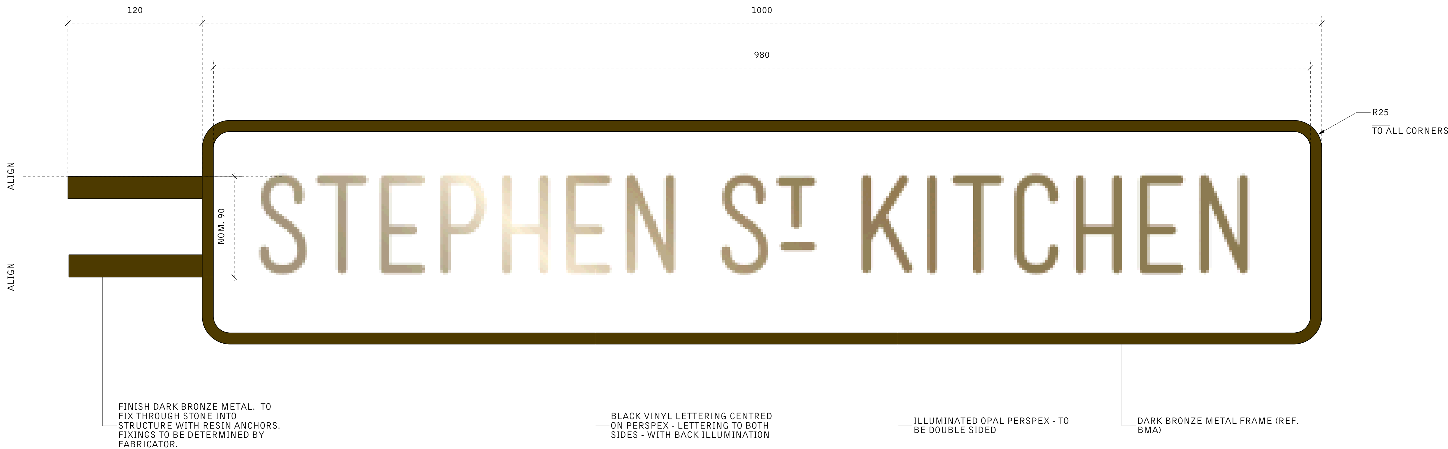
1 DETAIL ELEVATION - PROPOSED BLADE SIGN Scale: Half Actual Size
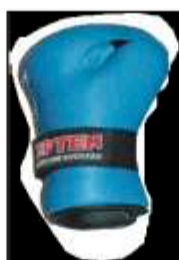
Open Hands Point Fighter
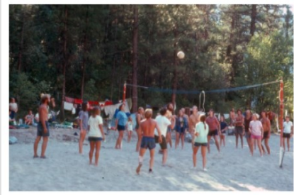
Camping with Volleyball

·····

> _Task details_: Starting at the line that contains "Open Hands Point Fighter", restate each line verbatim through the final line of the listing, skipping all pictures.

> _Expected output_:
Open Hands Point Fighter
Camping with Volleyball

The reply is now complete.